# Classification with an Academic Success Dataset
#### [Source](https://www.kaggle.com/competitions/playground-series-s4e6)

### Description
The goal of this competition is to predict academic risk of students in higher education.
Dataset description located [here](https://archive.ics.uci.edu/dataset/697/predict+students+dropout+and+academic+success)

### Imports 

In [None]:
import numpy as np
import pandas as pd
import sklearn

### Load Data

In [None]:
train = pd.read_csv('../dataset/train.csv', index_col='id')
test = pd.read_csv('../dataset/test.csv', index_col='id')
print(train.info())

In [None]:
print(train.head())

### Current task:
- Проведите предварительный анализ данных
- Выявите пропуски в данных
- Примите решение по обработке найденных пропусков
- Выявите категориальные признаки
- Преобразуйте категориальные данные
- Нормируйте данные выбранным методом

### Analysis of target

In [None]:
print(train['Target'].value_counts())

There are 3 classes in the target variable. The classes are imbalanced. Target variable is, obviously, categorical, nominal order.

### Analysis of features

In [None]:
print(train.columns)

In [None]:
# for feature in train.columns.tolist():
#     print(train[feature].value_counts())
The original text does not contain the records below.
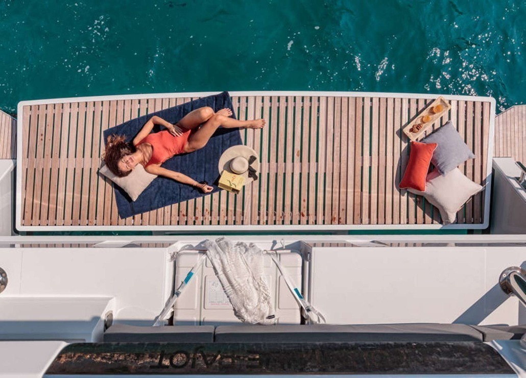 The layout is perfect for accommodating five couples in a master cabin and four double cabins. The catamaran also offers plenty of outdoor space to enjoy the summer to the full. The crew of three takes excellent care of the guests during their stay.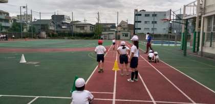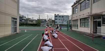 3年生は、ソーシャルディスタンスを守って、トラックを走っています。タイムも計りました。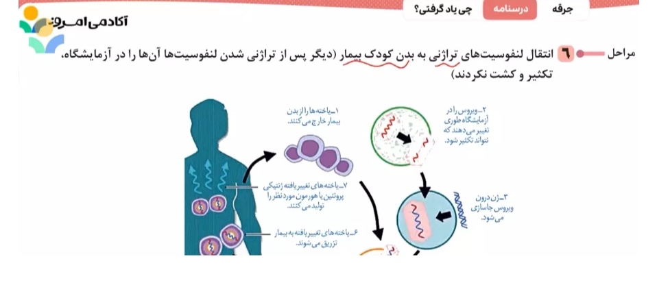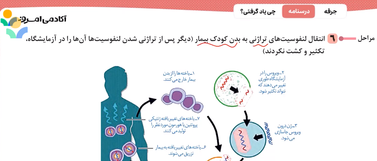 سلام درواقع تو مرحله پنجم، کشت رخ میده و تو مرحله ششم که انتقال یاخته تراژن به بدنه، طبق جزوه، کشت و تکثیر لنفوسیت نداریم درسته؟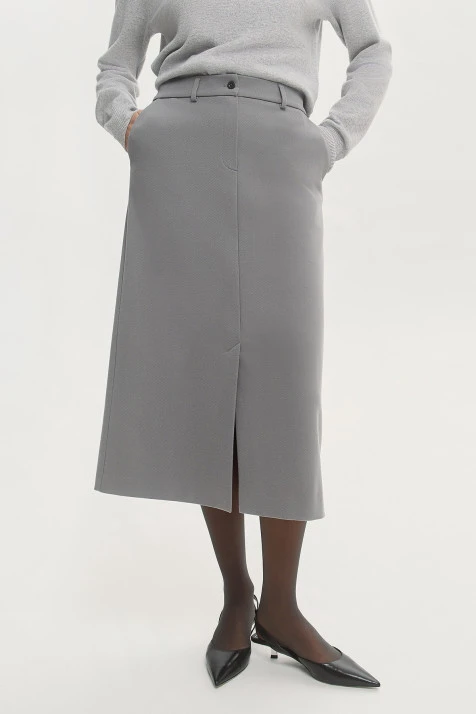 Классическая юбка-карандаш из костюмной ткани – базовая модель, необходимая в каждом гардеробе. Ткань на основе хлопка с добавлением вискозы гигроскопична и по своей фактуре напоминает деним. Эталонные лекала обеспечивают идеальную посадку. Фактурное переплетение и классический крой делают юбку универсальной: в сочетании со строгой рубашкой создастся элегантный образ делового стиля, с женственной блузой – нежный романтический образ, с расслабленным джемпером и кроссовками – образ в стиле casual.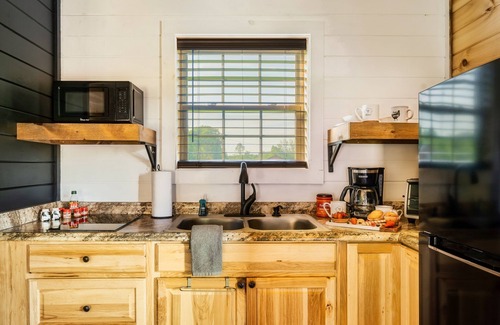 Located in a quiet and brand new neighborhood, our cabin is packed with everything that you need and features the following: smart TV, fully equipped kitchenette for home cooked meals, cozy electric fireplace, outdoor seating, relaxing hot tub, fire pit, charcoal grill and starter kits to help you get started on your perfect vacation!
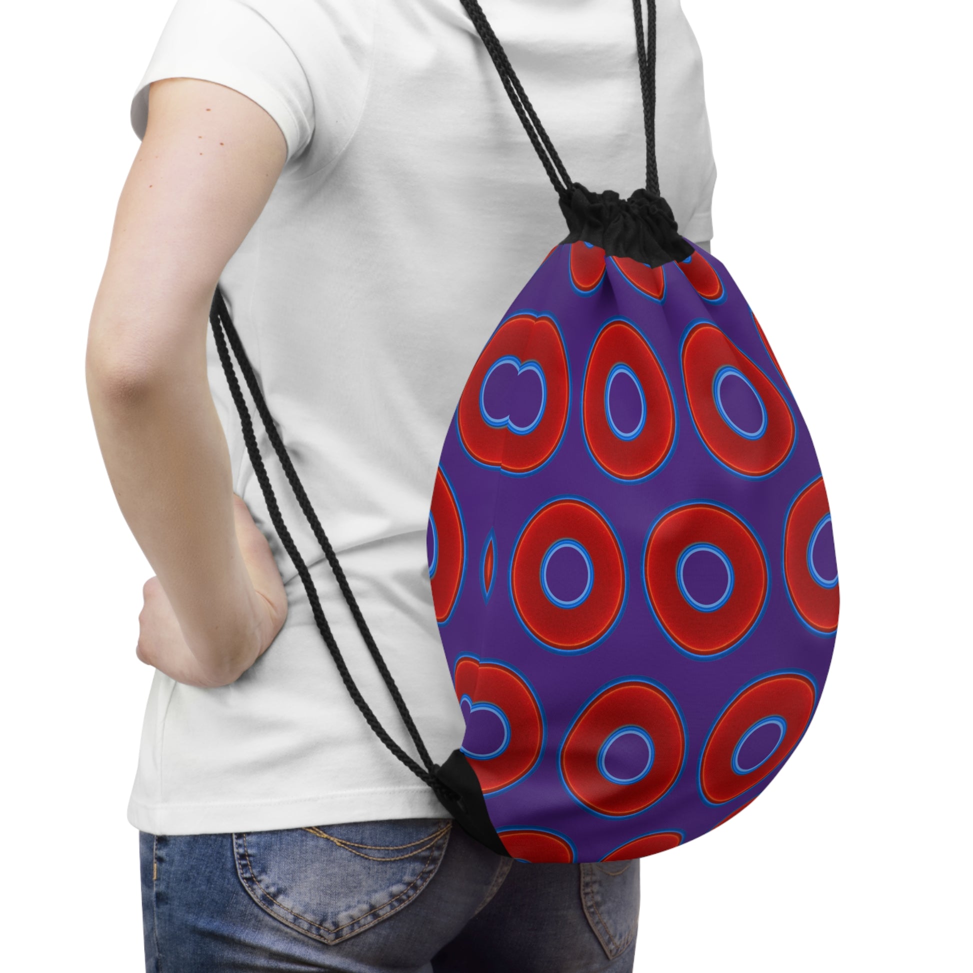 Lumpy Donut Drawstring Bag - red vivid donuts print w/purple background

Based of data description, we can assume types of features this way:
* Nominal scale:
    * Marital Status — Student's marital status
    * Application mode — Indicates the specific pathway or criterion under which the student was admitted
    * Course — The course the student is enrolled
    * Nationality — Encodes the nationality of the student as integers representing specific countries
    * Mother's occupation — Encodes the occupation of the student’s mother, classified into detailed job categories and broader occupational sectors.
    * Father's occupation — Encodes the occupation of the student’s father, classified into detailed job categories and broader occupational sectors.
* Binary nominal scale:
    * Daytime/Evening Attendance — Specifies whether a student attends classes during the day (1) or in the evening (0).
    * Displaced — Indicates whether the student resides away from home to attend their course (1 = Yes, 0 = No)
    * Educational special needs — Indicates whether the student has declared special educational needs (1 = Yes, 0 = No)
    * Debtor — Identifies whether the student owes debts (1 = Yes, 0 = No)
    * Tuition fees up to date — Indicates whether the student is up-to-date with tuition fee payments (1 = Yes, 0 = No)
    * Gender — Student's gender (1 = Male, 0 = Female)
    * Scholarship holder — Indicates whether the student receives a scholarship (1 = Yes, 0 = No)
    * International — Indicates whether the student is an international student (1 = Yes, 0 = No)
* Ordinal scale:
    * Application order — Denotes the student's ranking of the applied course in their list of preferences during the application process
    * Previous qualification — Represents the highest level of prior education achieved by the student
    * Mother's qualification — Represents the highest level of education achieved by the student's mother
    * Father's qualification — Represents the highest level of education achieved by the student's father
* Interval scale: 
    None
* Ratio scale:
    * Previous qualification (grade) — Represents the grade of the student’s previous qualification on a scale from min 0 to max 200. Not ordinal or interval cause have true zero and float value, not int.
    * Admission grade — The grade used for admission, ranging from min 0 to max 200. Not ordinal or interval cause have true zero and float value, not int.
    * Age at enrollment — The student's age at the time of enrollment
    * Curricular units 1st sem (credited) & Curricular units 2nd sem (credited) — The number of curricular units credited in the first and second semesters, respectively. Indicates prior recognition of a unit without requiring enrollment or evaluation
    * Curricular units 1st sem (enrolled) & Curricular units 2nd sem (enrolled) — The number of curricular units in which the student enrolled in the 1 and 2 semesters, respectively
    * Curricular units 1st sem (evaluations) & Curricular units 2nd sem (evaluations) — The number of curricular units evaluated in the 1 and 2 semesters, respectively
    * Curricular units 1st sem (approved) & Curricular units 2nd sem (approved) — The number of curricular units successfully passed by the student in the 1 and 2 semesters, respectively
    * Curricular units 1st sem (grade) & Curricular units 2nd sem (grade) — The average grade of the student in the 1 and 2 semesters, respectively. Scored between min 0 and max 20. Not ordinal or interval cause have true zero and float value, not int.
    * Curricular units 1st sem (without evaluations) & Curricular units 2nd sem (without evaluations) — The number of curricular units in which the student enrolled but were not evaluated in the 1 and 2 semesters, respectively
    * Unemployment rate — Probably(!) the percentage of the population unemployed during the semester.
    * Inflation rate — Probably(!) the percentage of inflation during the semester.
    * GDP — Probably(!) the Gross Domestic Product during the semester.

Extra notes:
* Previous qualification, Mother's qualification, Father's qualification column's numbers order do not represent what level of education is higher or lower, should be refactored.
* For mother's occupation and father's occupation missing data encoded as 99 ("blank")
* Debtor and Tuition fees up to date could have correlation, should be checked.
* Should be checked if enrolled curricular units could to be calculated by evaluations + without evaluations. The same for without evaluations = enrolled - evaluations etc.